Children in China, especially those in rural areas, have got more access to education than their parents ever had due to the nation's unswerving implementation of the family planning policy.
Statistics from the educational authority of Henan, a central China province with the largest population, show that the number of the school-age children has been dropping since 1996. The number of primary school students in the province is expected to drop from 11.3 million in 2000 to 8.3 million in 2005.
Analysts said that the dramatic cut in the number of newborns has made it possible for the nation to better its educational services and optimize educational resources.
In early September when the autumn semester started, the educational department of Henan Province began to amalgamate those primary schools whose enrollments were far below their projected number.
In the past, the scene of 70 to 80 students packed into one classroom was not uncommon in Henan.

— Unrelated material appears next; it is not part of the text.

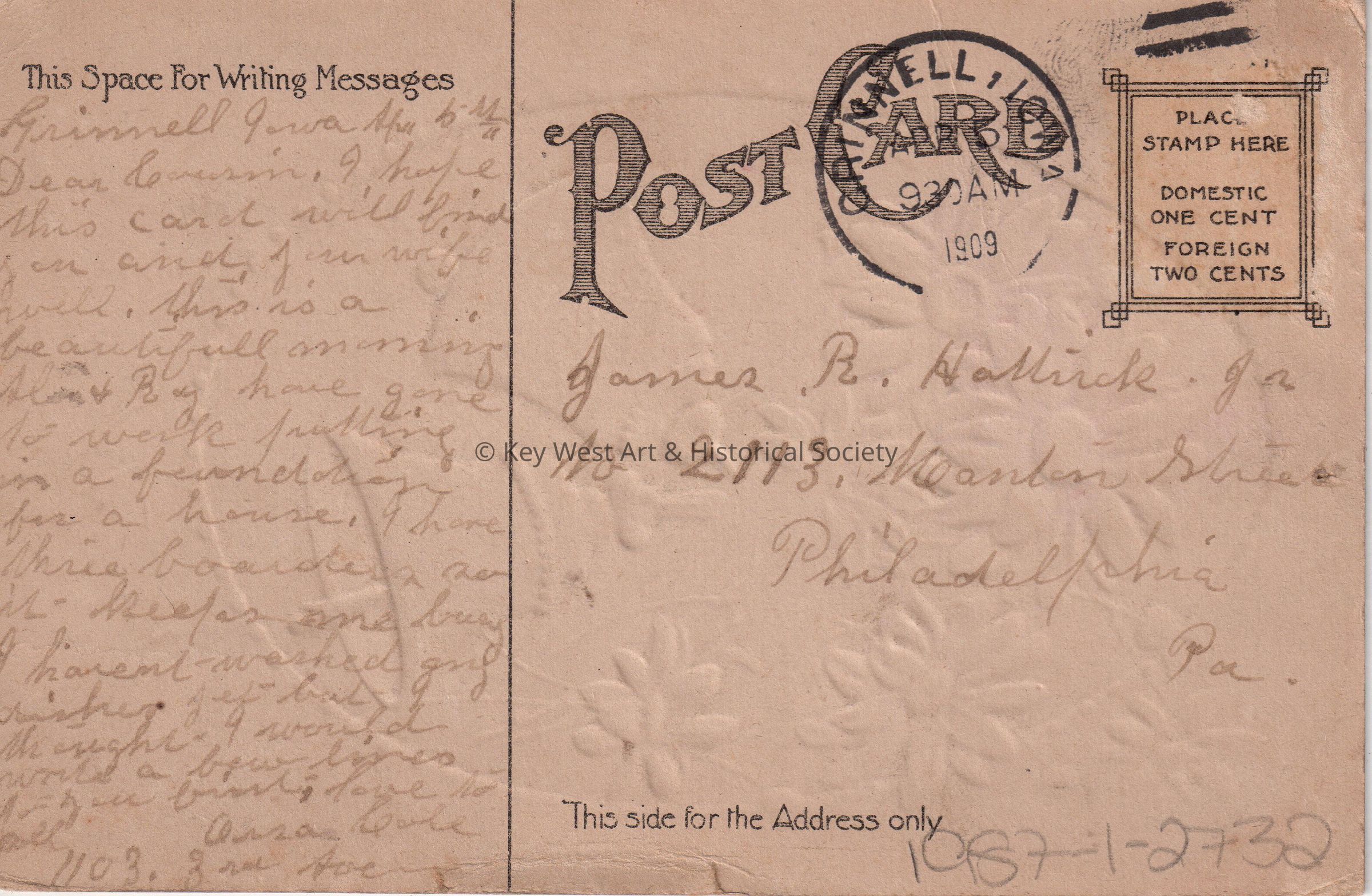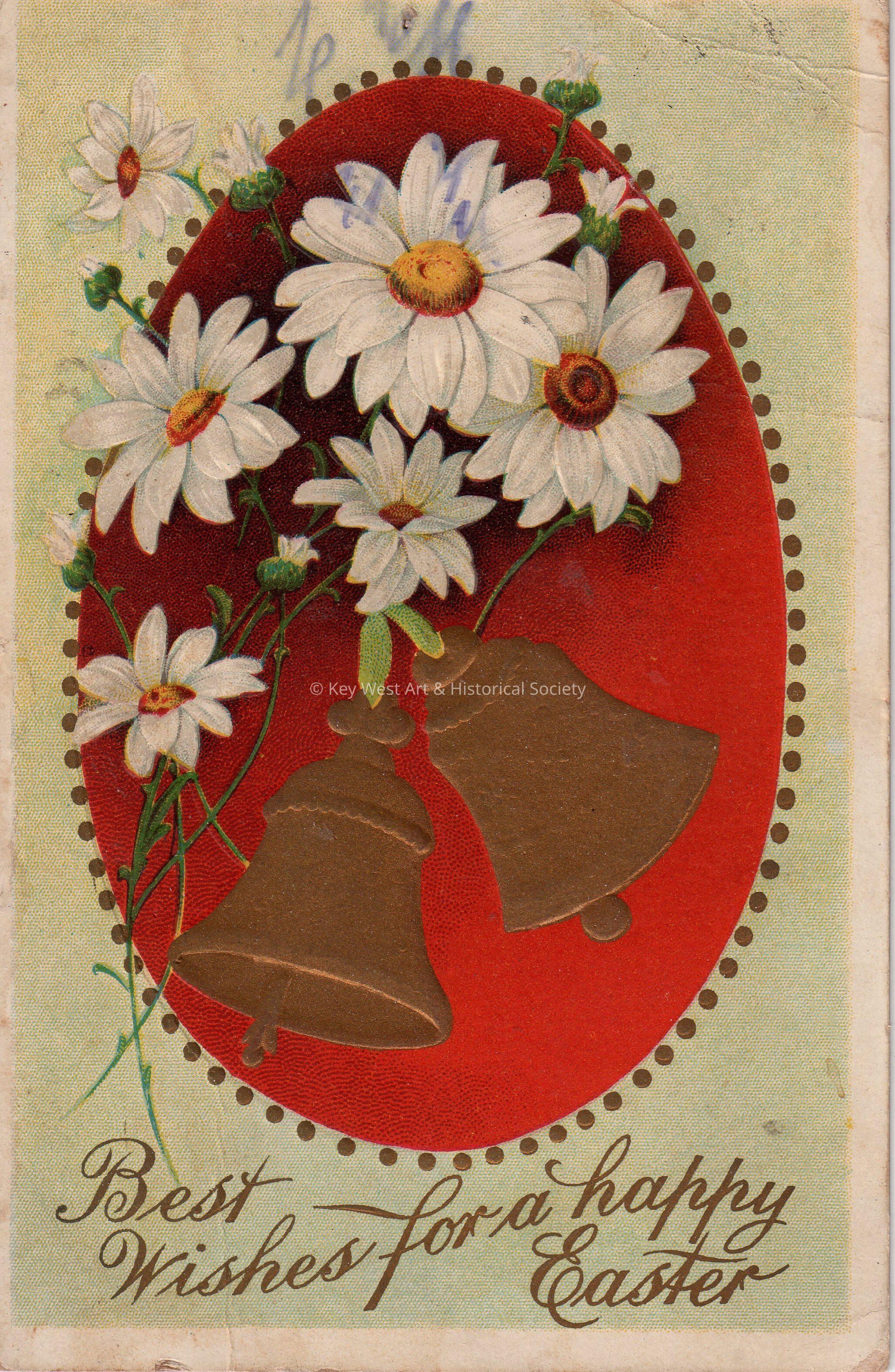 Postcard depicting daisies and bells. The caption reads, ‘Best Wishes for a happy Easter’. The message on the verso reads, ‘Grinnell, Iowa, April 5th. Dear Cousin, I hope this card will find you and your wife well. This is a beautiful morning. ___ and __ have gone to work putting in a foundation for a house. I have three boarders now – it keeps me busy. I haven’t washed my dishes yet but thought I would write a few lines to you both – love to all. Orsa Cole. 1103 3rd Avenue.’ The card is addressed to James R. Hattrick, Jr., No. 2113 Manton Street, Philadelphia, Pennsylvania, and is postmarked Grinnell, Iowa, April 5, 1909.Collection
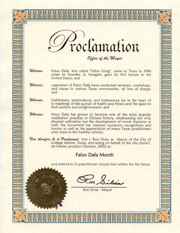 鉴于,法轮大法已成为中国有史以来最受欢迎的修炼功法,他不仅强调修身,更强调心性的提高;这一功法获得了众多的嘉奖和荣誉,参与此健康活动的许多德州学员也受到人们的赞许;

To meet the then soaring demand for education, the province mapped out a school quota which required every 15,000 population to have a middle school and every primary school in the plain region be built to serve people living within a distance of 1.5 km. As a result, by 2000, nearly 40,000 primary schools were scattered in the province's rural areas.
According to the figures collected in the nation's fifth census, 85 percent of the province's population had received schooling no lower than primary level in 2000, 16 percentage points higher than 1990.
Liu Junzhe, an expert on demography, said, "the positive effect of population control is telling on the country's juvenile education."
Nationwide, 85 percent of Chinese had received the nine-year compulsory education in 2000, while some 99.1 percent of school aged children were enrolled.
Implemented in the 1970s, the family-planing policy, which advocates one-child family, has effectively curbed the nation's rapid population growth. In the late 1990s, China began to witness a low birthrate, a low mortality and a low growth rate.
In rural China where the family control policy was hard to implement because most farmers habitually wanted to have as many children as possible, a silent change is taking place.
Most farmers now prefer one well-educated child to many poorly educated kids. The size of a family doesn't matter any more as the nation's future development hinges more upon science and technology.
Qin Jinquan, a farmer who has seven siblings but only one son, said that he hopes his son can get into college.
Qin couldn't complete primary school when he was a child because there were too many kids waiting to be fed by his parents.
Specializing in the transportation business, Qin makes an annual income of more than 20,000 yuan (US$2,400).
Like many parents in rural China, Qin would like to invest as much as possible in his child's education, including employing a tutor or buying a musical instrument.
As rural China's education service constantly improves and farmers' education awareness gets stronger, experts believe that more talented people will be cultivated and the prosperity of China is just around the corner.